◆ **Problem details**
The needed output is the run of lines below from the one containing "For Samsung Galaxy" through the one containing "左右,如果仍然在 2KHz 分頻,勢(shì)必造成較大的失真。", copied exactly and free of pictures.

◆ **Task material**
━━━━

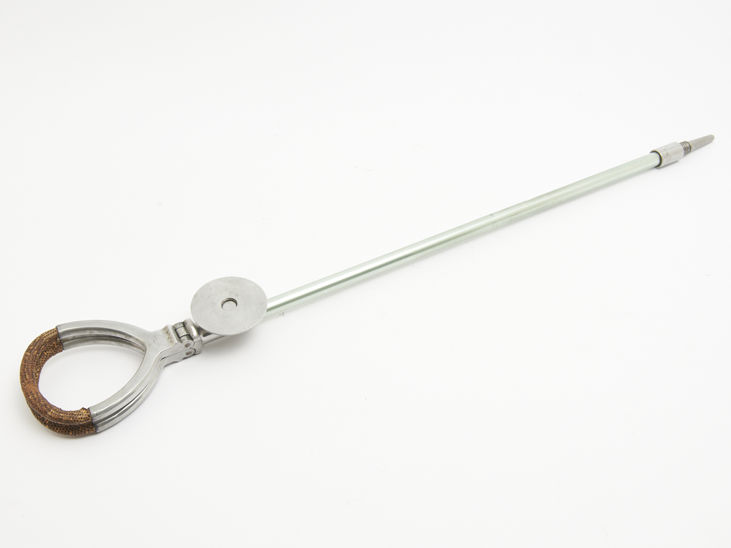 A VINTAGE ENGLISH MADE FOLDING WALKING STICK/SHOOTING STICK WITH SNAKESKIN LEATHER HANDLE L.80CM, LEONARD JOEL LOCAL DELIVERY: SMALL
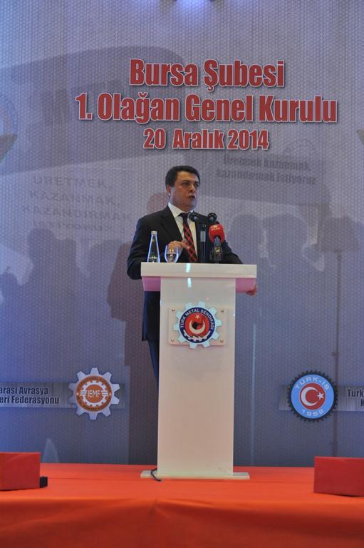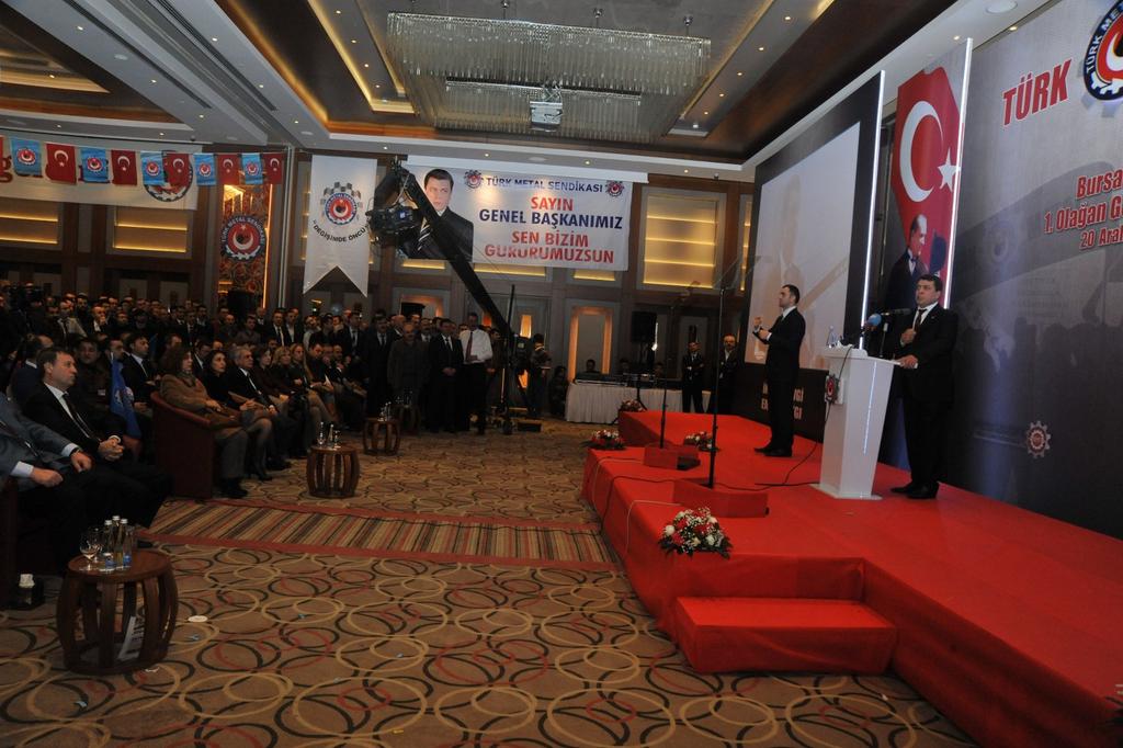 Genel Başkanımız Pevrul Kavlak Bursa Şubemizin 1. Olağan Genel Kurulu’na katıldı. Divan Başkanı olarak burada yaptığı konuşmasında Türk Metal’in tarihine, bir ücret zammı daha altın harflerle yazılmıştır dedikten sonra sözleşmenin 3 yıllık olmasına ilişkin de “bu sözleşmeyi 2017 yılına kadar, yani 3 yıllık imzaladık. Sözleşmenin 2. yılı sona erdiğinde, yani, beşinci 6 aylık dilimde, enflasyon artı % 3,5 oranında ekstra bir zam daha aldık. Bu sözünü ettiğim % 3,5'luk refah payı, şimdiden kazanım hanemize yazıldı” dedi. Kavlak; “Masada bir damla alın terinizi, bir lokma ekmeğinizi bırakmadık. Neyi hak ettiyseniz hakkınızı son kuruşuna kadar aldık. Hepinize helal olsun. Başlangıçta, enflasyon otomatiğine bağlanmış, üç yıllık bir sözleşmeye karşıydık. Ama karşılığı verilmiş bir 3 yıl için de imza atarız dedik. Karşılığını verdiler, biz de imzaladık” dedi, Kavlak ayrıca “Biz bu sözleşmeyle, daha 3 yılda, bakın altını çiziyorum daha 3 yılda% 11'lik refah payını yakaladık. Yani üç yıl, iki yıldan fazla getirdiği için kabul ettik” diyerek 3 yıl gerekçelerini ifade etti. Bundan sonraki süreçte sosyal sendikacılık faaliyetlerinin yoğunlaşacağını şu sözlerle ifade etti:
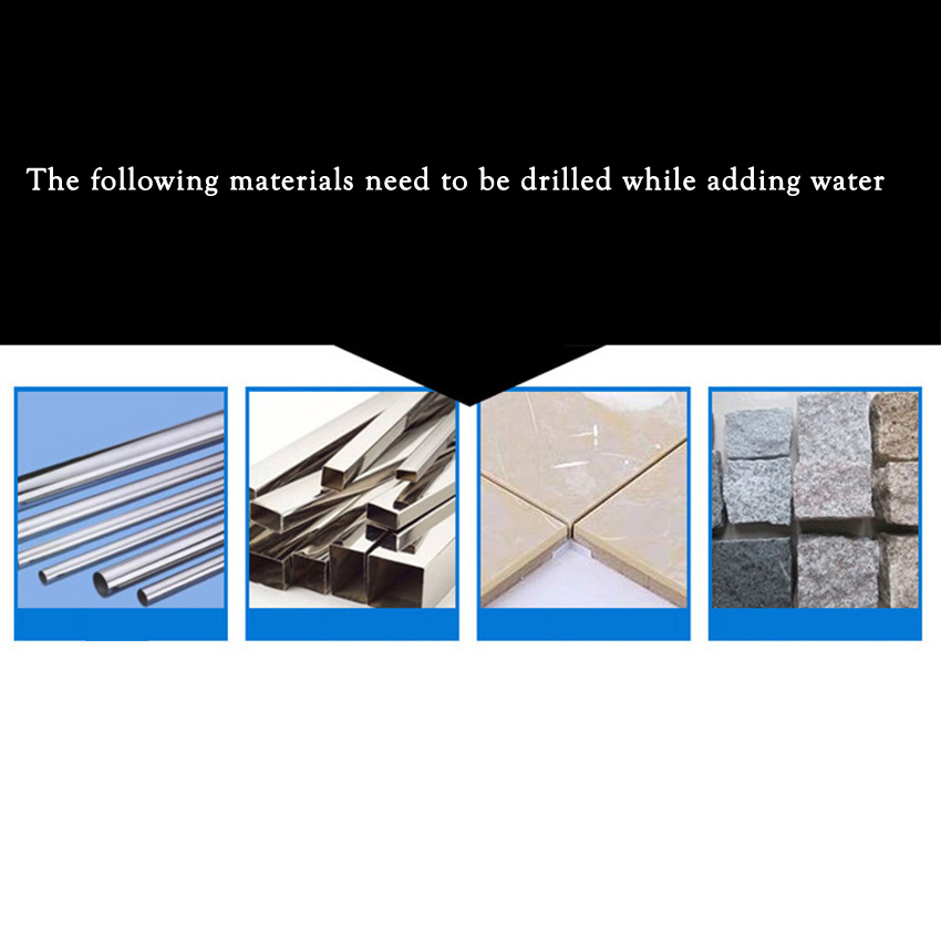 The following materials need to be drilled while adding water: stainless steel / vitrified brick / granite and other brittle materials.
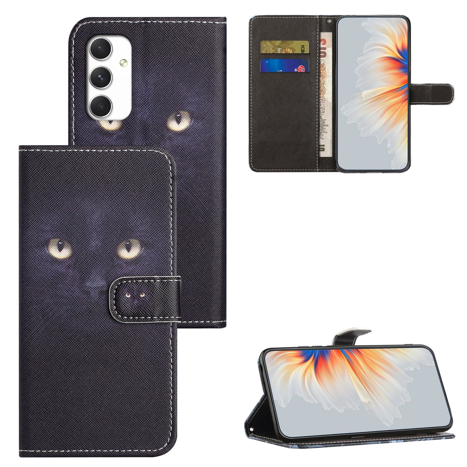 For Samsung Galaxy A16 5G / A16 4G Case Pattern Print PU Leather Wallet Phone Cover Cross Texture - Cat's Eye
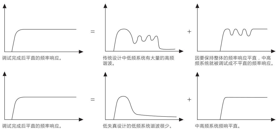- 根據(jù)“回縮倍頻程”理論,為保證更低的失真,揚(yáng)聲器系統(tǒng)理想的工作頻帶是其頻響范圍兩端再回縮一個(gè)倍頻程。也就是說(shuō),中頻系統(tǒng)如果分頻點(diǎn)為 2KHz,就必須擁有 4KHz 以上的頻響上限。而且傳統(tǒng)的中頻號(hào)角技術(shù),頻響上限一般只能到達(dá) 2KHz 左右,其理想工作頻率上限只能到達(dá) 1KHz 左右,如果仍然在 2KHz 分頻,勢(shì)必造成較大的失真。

━━━━

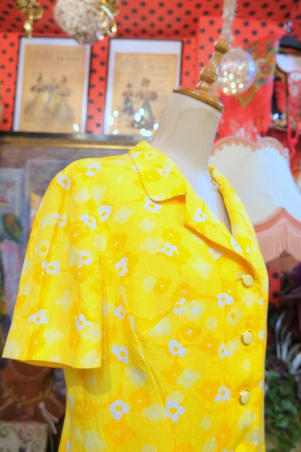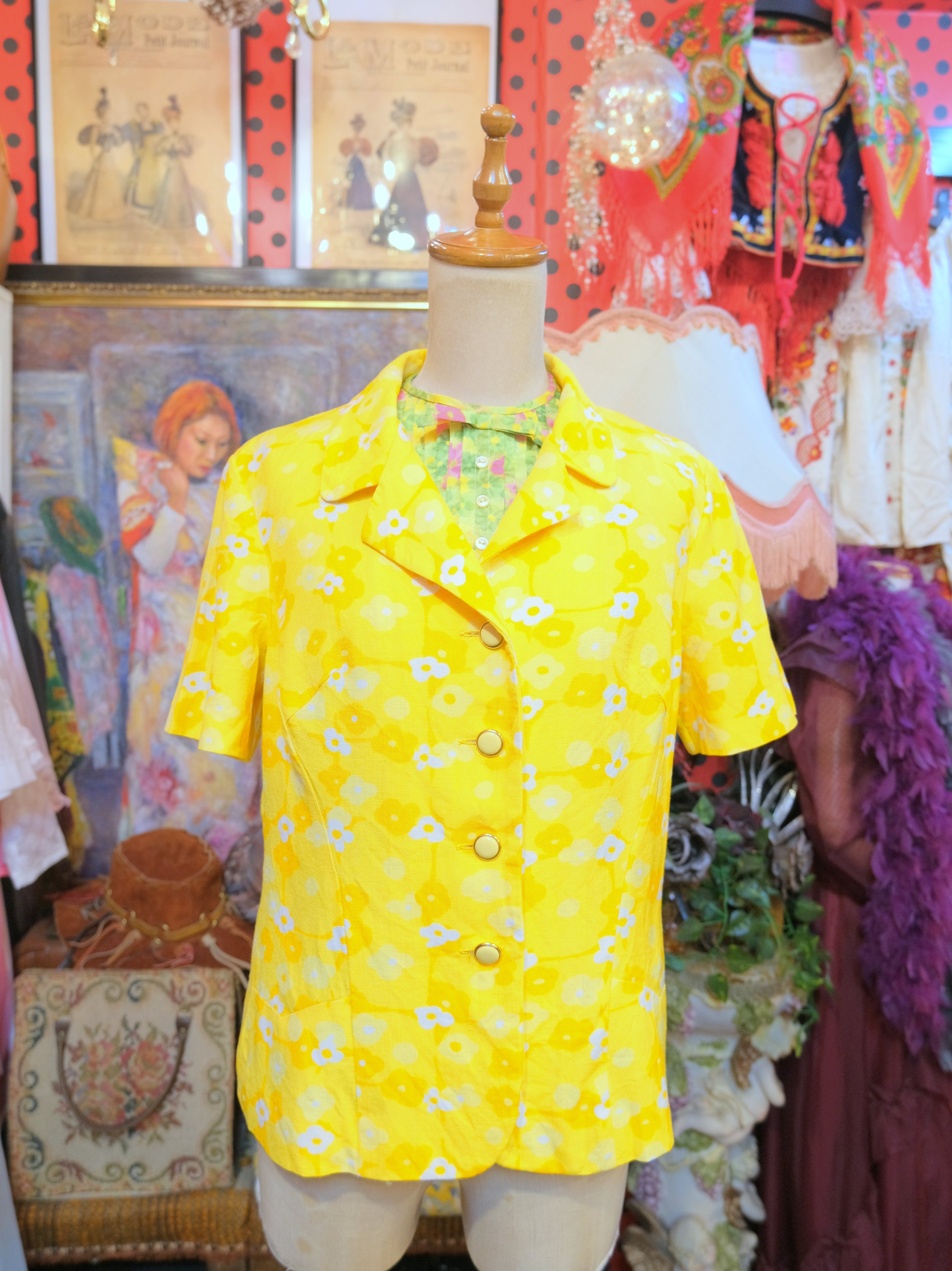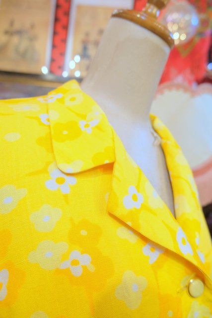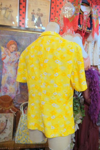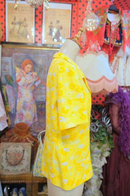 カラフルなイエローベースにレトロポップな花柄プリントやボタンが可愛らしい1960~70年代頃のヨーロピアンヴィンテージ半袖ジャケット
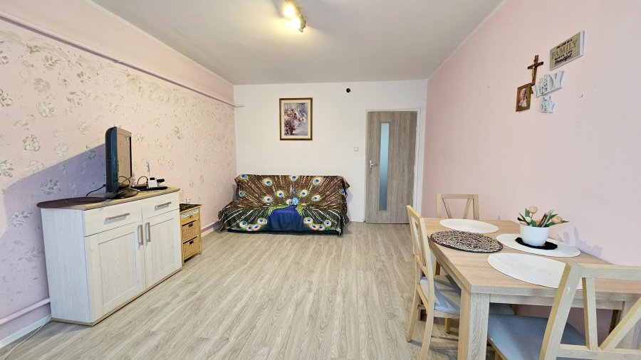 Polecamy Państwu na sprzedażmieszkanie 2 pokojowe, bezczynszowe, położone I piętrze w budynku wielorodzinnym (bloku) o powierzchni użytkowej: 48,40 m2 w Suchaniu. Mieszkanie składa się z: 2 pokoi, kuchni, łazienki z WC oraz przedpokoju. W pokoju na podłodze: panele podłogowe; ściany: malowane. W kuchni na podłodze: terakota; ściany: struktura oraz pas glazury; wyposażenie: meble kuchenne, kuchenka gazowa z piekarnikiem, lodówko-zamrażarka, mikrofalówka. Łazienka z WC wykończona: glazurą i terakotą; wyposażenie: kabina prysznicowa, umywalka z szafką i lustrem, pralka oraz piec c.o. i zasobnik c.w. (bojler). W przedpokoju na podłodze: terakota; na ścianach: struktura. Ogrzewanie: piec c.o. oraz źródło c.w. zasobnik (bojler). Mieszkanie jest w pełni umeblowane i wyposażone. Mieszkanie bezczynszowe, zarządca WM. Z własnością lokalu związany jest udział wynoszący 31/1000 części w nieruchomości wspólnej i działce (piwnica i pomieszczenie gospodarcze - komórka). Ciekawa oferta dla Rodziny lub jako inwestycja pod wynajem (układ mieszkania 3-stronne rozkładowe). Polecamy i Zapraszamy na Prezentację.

━━━━

◆ **Output for this task**
 For Samsung Galaxy A16 5G / A16 4G Case Pattern Print PU Leather Wallet Phone Cover Cross Texture - Cat's Eye
- 根據(jù)“回縮倍頻程”理論,為保證更低的失真,揚(yáng)聲器系統(tǒng)理想的工作頻帶是其頻響范圍兩端再回縮一個(gè)倍頻程。也就是說(shuō),中頻系統(tǒng)如果分頻點(diǎn)為 2KHz,就必須擁有 4KHz 以上的頻響上限。而且傳統(tǒng)的中頻號(hào)角技術(shù),頻響上限一般只能到達(dá) 2KHz 左右,其理想工作頻率上限只能到達(dá) 1KHz 左右,如果仍然在 2KHz 分頻,勢(shì)必造成較大的失真。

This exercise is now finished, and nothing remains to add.